Alun Anderson began his career as a research biologist and has been the editor, editor-in-chief, and publishing director of New Scientist from 1992 to 2005, during which time he successfully launched the magazine in the United States. Previously he was the Washington, D.C., bureau chief for the science journal Nature. Anderson lives in London but spends considerable time in the United States, where he is on the board of Xconomy in Boston.
- He will speak about science writing from a journalistic point of view (e.g., structuring your story, accuracy), what makes a good science story and about some of the ethical aspects of science writing.
Paul Collins is a writer specializing in history, memoir, and unusual antiquarian literature. He is a 2009 recipient of a Guggenheim Fellowship in Nonfiction.
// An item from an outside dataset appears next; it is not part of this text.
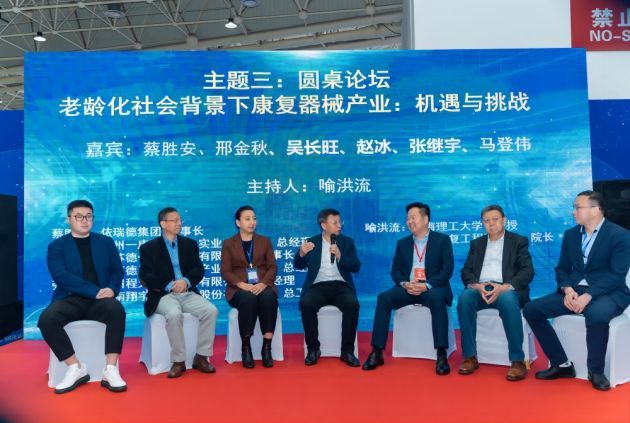 主題三“老齡化社會(huì)背景下康復(fù)器械產(chǎn)業(yè):機(jī)遇與挑戰(zhàn)”圓桌論壇由上海理工大學(xué)智能康復(fù)工程研究院院長(zhǎng)喻洪流教授主持。依瑞德集團(tuán)董事長(zhǎng)蔡勝安、山西德奧康復(fù)技術(shù)產(chǎn)業(yè)有限公司總經(jīng)理趙冰等六位企業(yè)家代表對(duì)中國(guó)養(yǎng)老事業(yè)中康復(fù)器械產(chǎn)業(yè)的發(fā)展進(jìn)行了熱烈討論,并分別從“社區(qū)到家庭”、“高端康復(fù)器械”、“低端康復(fù)器械”三個(gè)方面深入探討了康復(fù)器械產(chǎn)業(yè)在養(yǎng)老事業(yè)中的重要性,為中國(guó)康復(fù)器械產(chǎn)業(yè)的發(fā)展指明了方向。

Collins’s recent freelance work includes pieces for The New York Times, Slate, and New Scientist. In addition to appearing on National Public Radio’s Weekend Edition Saturday as its “literary detective” on odd and forgotten old books, he is also the founding editor of the Collins Library imprint of McSweeney’s Books, where he has revived such disparate works as a World War I internment camp memoir and an absurdist 1934 detective tale. Collins lives in Portland, Oregon, where he teaches creative nonfiction as an associate professor in the MFA program at Portland State University.
- Collin’s presentation will address the historical in storytelling by exploring ways to situate science articles in context with what came before. This subject will naturally lead to a discussion of the importance of finding and using primary sources.